High-Entropy Grain Boundaries

TL;DR

This paper explores the thermodynamics and stabilization mechanisms of high-entropy grain boundaries in alloys and ceramics, highlighting their potential to enhance high-temperature stability and structural properties.

Contribution

It provides the first comprehensive thermodynamic analysis of high-entropy grain boundaries, introducing a simplified segregation model applicable to both alloys and ceramics.

Findings

High-entropy grain boundaries reduce energy with increasing temperature.

HEGBs can stabilize nanocrystalline alloys at high temperatures.

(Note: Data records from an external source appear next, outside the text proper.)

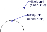 Schaltet den Objektfang Modus Mittelpunkt ein oder aus. Fängt sich an der Mitte von Linien und Bögen und anderen offenen Objekten.
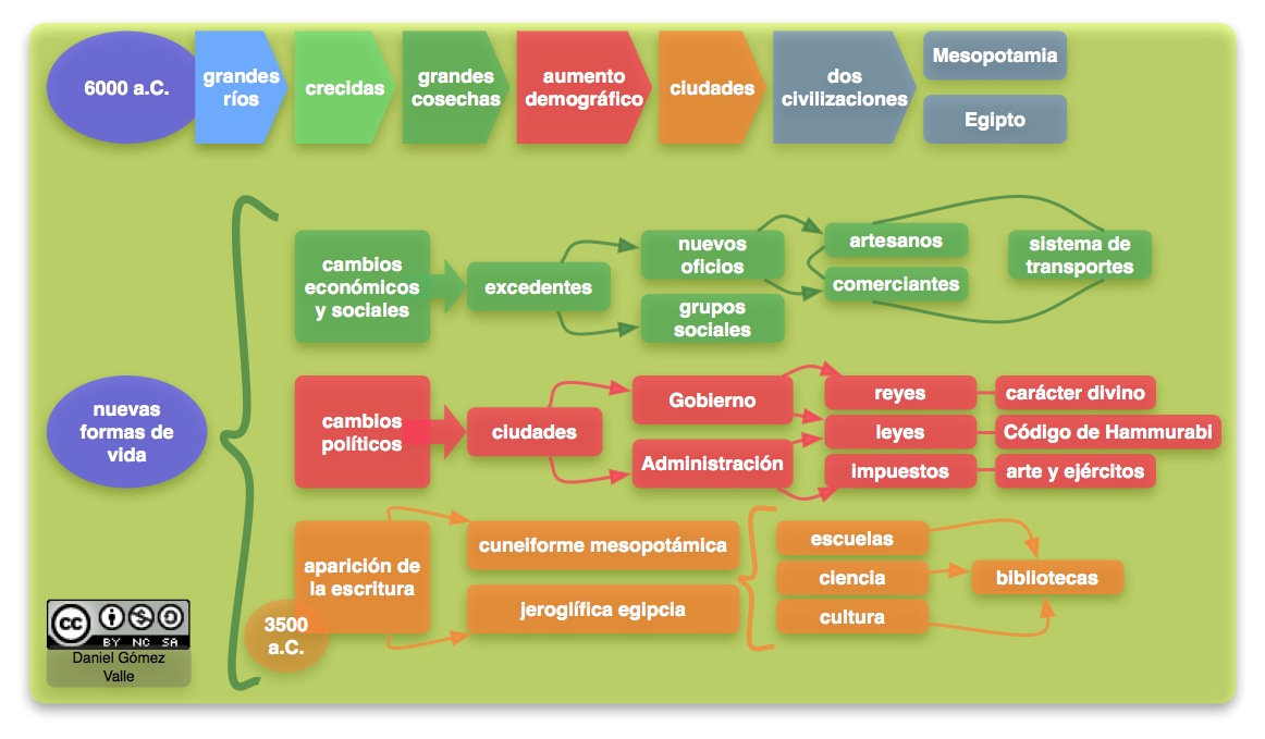 Caracterizar el surgimiento de las primeras civilizaciones (por ejemplo, sumeria, egipcia, china, india, minoica, fenicia, olmeca y chavín, entre otras), reconociendo que procesos similares se desarrollaron en distintos lugares y tiempos.
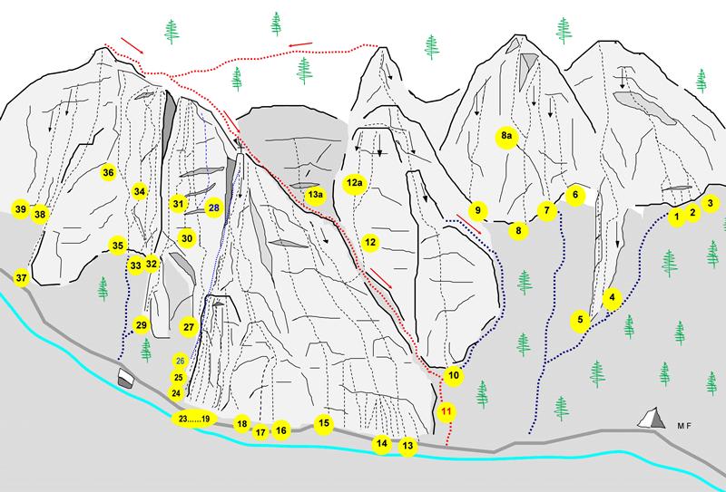 Tutti i siti, con le rispettive vie e monotiri, sono recensiti all'interno della guida locale "Arrampicare nelle Terre del Dahu" - LAREditore, sono inoltre disponibili numerose recensioni online.
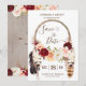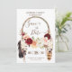 Tu celebración boho puede ser rústica y elegante al mismo tiempo. Este hermoso diseño de "Save the Date" presenta lo mejor de ambos mundos. Con hermosas flores de acuarela en rosa suave, rosa borgoña y melocotón delicioso que adornan un atrapasueños boho con plumas y flores, este diseño seguramente emocionará a tus invitados en anticipación de tu gran día. Coincide con otros diseños en nuestra tienda para crear un conjunto completo y es totalmente personalizable para cualquier ocasión. Puede ser utilizado para una boda, cumpleaños, despedida de soltera o baby shower, graduación o cualquier otro evento importante.
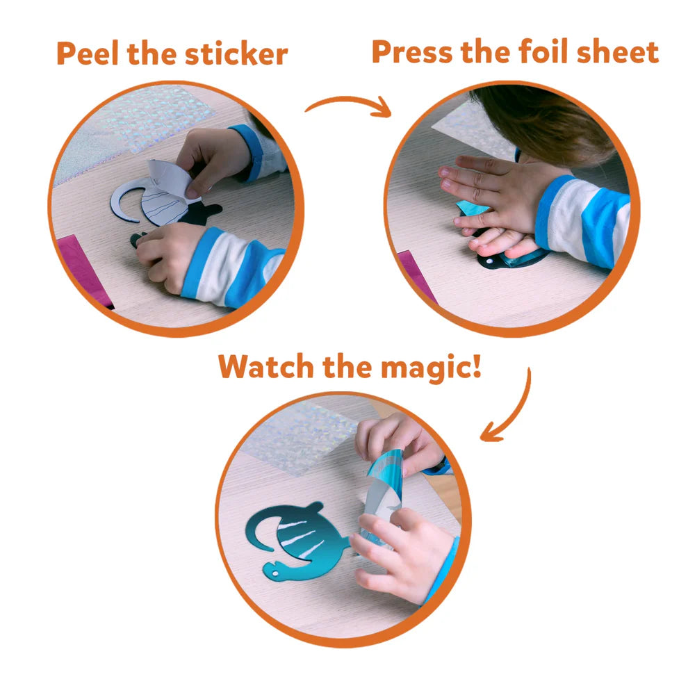 Foil Fun is a magical, mess-free activity to inspire hours of creative fun in your little one. Let their imagination soar as they create unique foil pictures with dinosaurs, volcanoes, fossils and more! Select a Picture Canvas, choose stickers and apply color using sparkly foil sheets. Add as many colorful stickers as needed to bring the canvases to life. Zero parental supervision required!
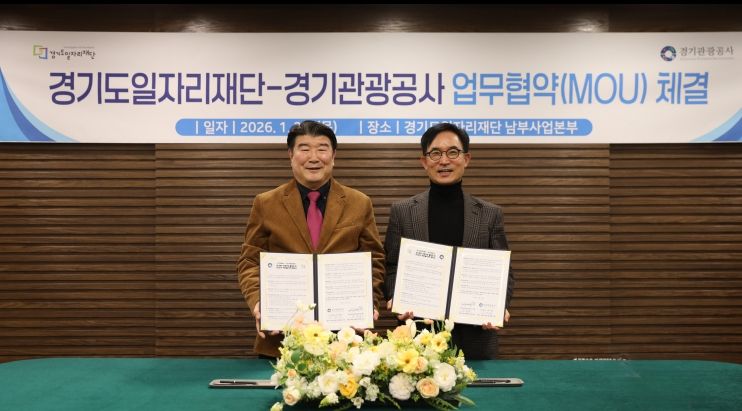 경기호연뉴스 민선기 기자 | 경기도일자리재단과 경기관광공사는 22일 경기도일자리재단 남부사업본부에서 ‘경기북부 관광 활성화 및 유연근무 확산을 위한 업무협약(MOU)’을 체결했다.
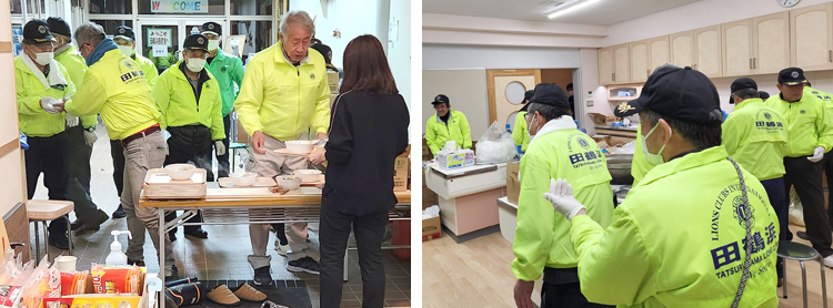 田鶴浜ライオンズクラブでは会員30人全員が被災。1月から例会を開けない状況の中、会員同士の意見交換が必要だと、2月8日に全体会を開催した。自宅が半壊・全壊した会員は出席出来なかったものの、被害が一部損壊に留まった会員15人が集まった。この会合でライオンズとして復興に向けて何が出来るかを話し合い、避難所での炊き出しの実施を決定。メンバーが経営するスーパーで材料を調達しておでんを作り、避難者へ振る舞った。
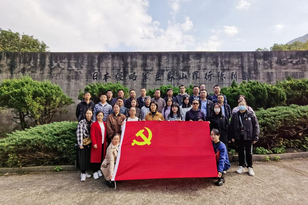 活动中,大家来到象山茅洋爱国主义教育基地——日本侵略军象山罪行陈列馆,馆内陈列的每一件展品如同一部沉重的历史书卷,诉说着那段屈辱而悲惨的过去。追思历史伤痕,悼念遇难同胞,感悟这段血染奋斗的革命岁月。通过观看珍贵历史图片、视频资料以及实物展品,党员干部职工们将抗战英雄艰苦奋斗、坚韧不拔的拼搏精神铭记在心,进一步弘扬革命传统,践行党员的初心和使命。
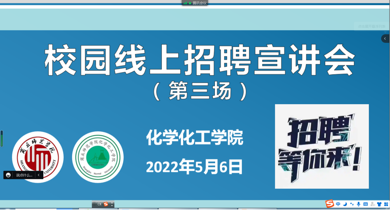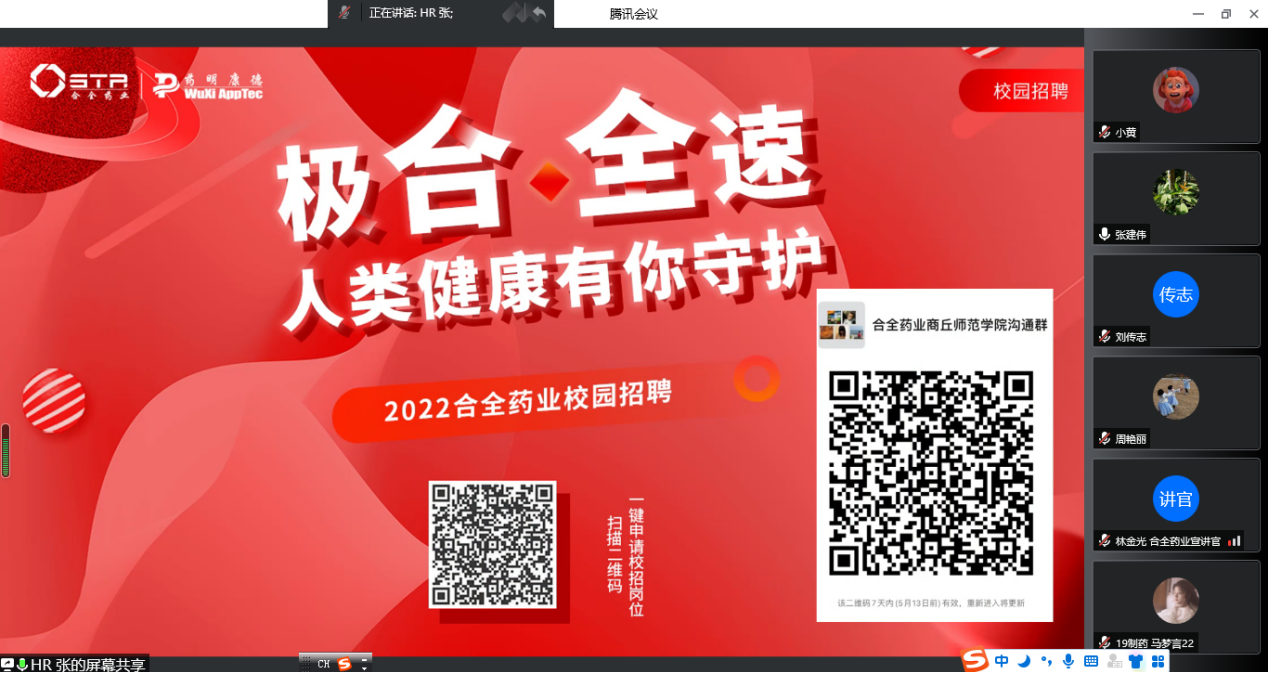 为更好的促进2022届预毕业生就业,5月6日,化学化工学院利用腾讯会议举办了校园线上招聘宣讲会(第三场)。药明康德常州合全药业、浙江朗华制药有限公司和北京民康百草医药科技有限公司参加线上招聘宣讲。
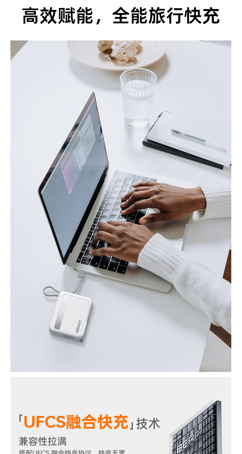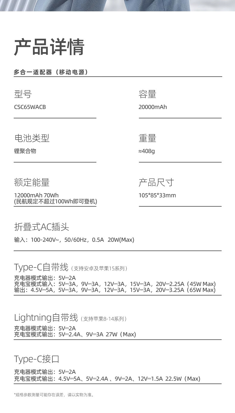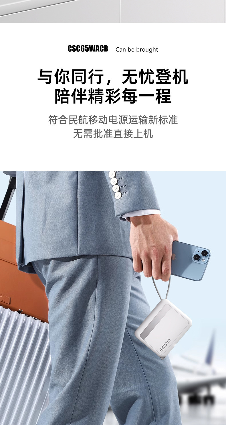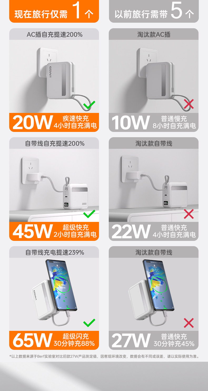 A65w超級快充戶外行動電源筆記型電腦行動電源自帶插頭數顯20000毫
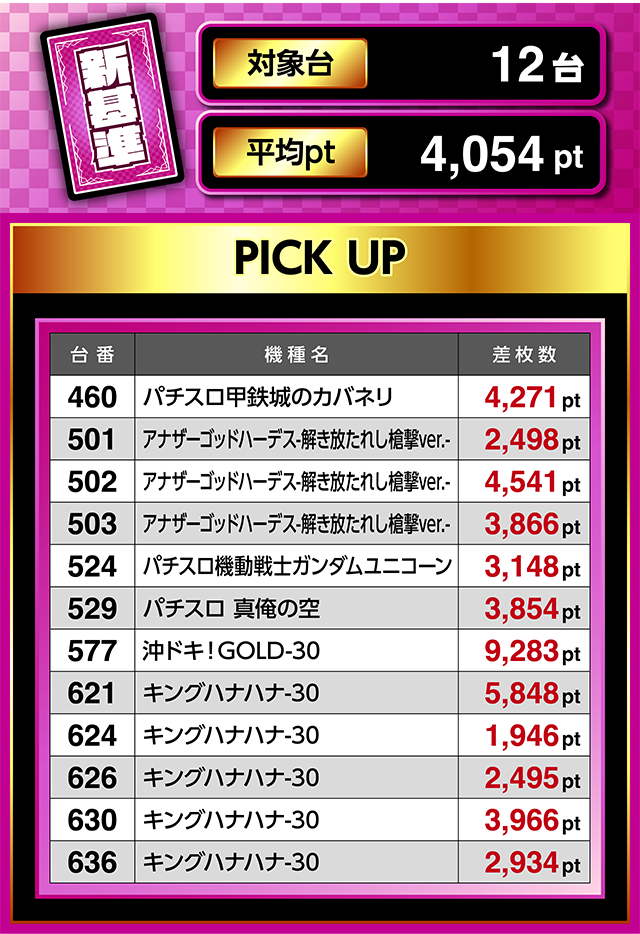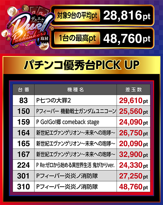 83番台の「P七つの大罪2」や150番台の「Pフィーバー 機動戦士ガンダムユニコーン」など、複数の機種が20,000ptを超えた。
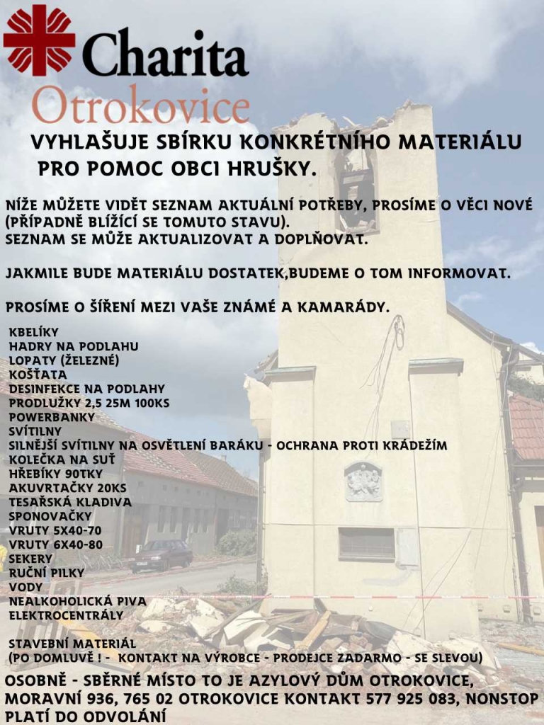 Charita pořádá sbírku materiálu pro obec Hrušky
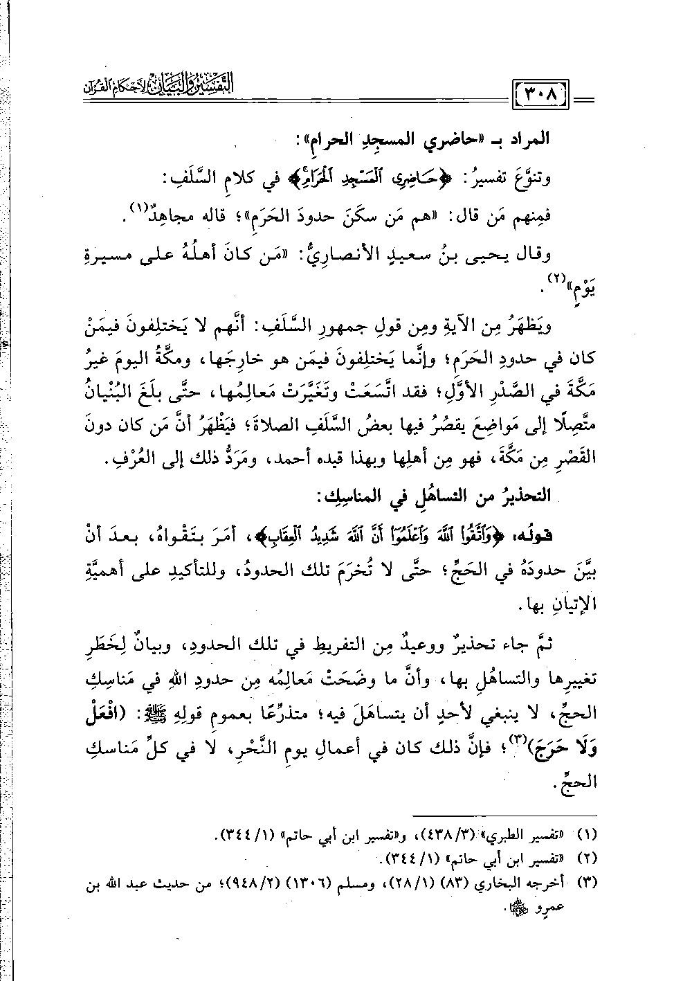 ويَظهَرُ مِن الآيةِ ومِن قولِ جمهورِ السَّلَفِ: أنَّهم لا يَختلِفونَ فيمَنْ كان في حدودِ الحَرَمِ؛ وإنَّما يَختلِفونَ فيمَن هو خارِجَها، ومكَّة اليومَ غيرُ مَكَّةَ في الصَّدْرِ الأوَّلِ؛ فقد اتَّسَعَتْ وتَغَيَّرَتْ مَعالِمُها، حتَّى بلَغَ البُنْيانُ متَّصِلًا إلى مَواضِعَ يقصُرُ فيها بعضُ السَّلَفِ الصلاةَ؛ فيَظْهَرُ أنَّ مَن كان دونَ القَصْرِ مِن مَكَّةَ، فهو مِن أهلِها وبهذا قيده أحمد، ومَرَدُّ ذلك إلى العُرْفِ.

Structural disordering in GBs offers opportunities for higher entropy states.

Abstract

Do high-entropy alloys and ceramics have their grain boundary (GB) counterparts? As the concept of high-entropy grain boundaries (HEGBs) was initially proposed in 2016, this article provides the first complete and rigorous discussion of the underlying interfacial thermodynamics. A simplified segregation model can illustrate both GB and bulk high-entropy effects, which reduce GB energy with increasing temperature for saturated multicomponent (conventional and high-entropy) alloys. HEGBs can be utilized to stabilize nanocrystalline alloys at high temperatures via thermodynamic and kinetic effects. GB structural disordering and transitions offer further opportunities to attain higher effective GB entropies. Future perspective is discussed.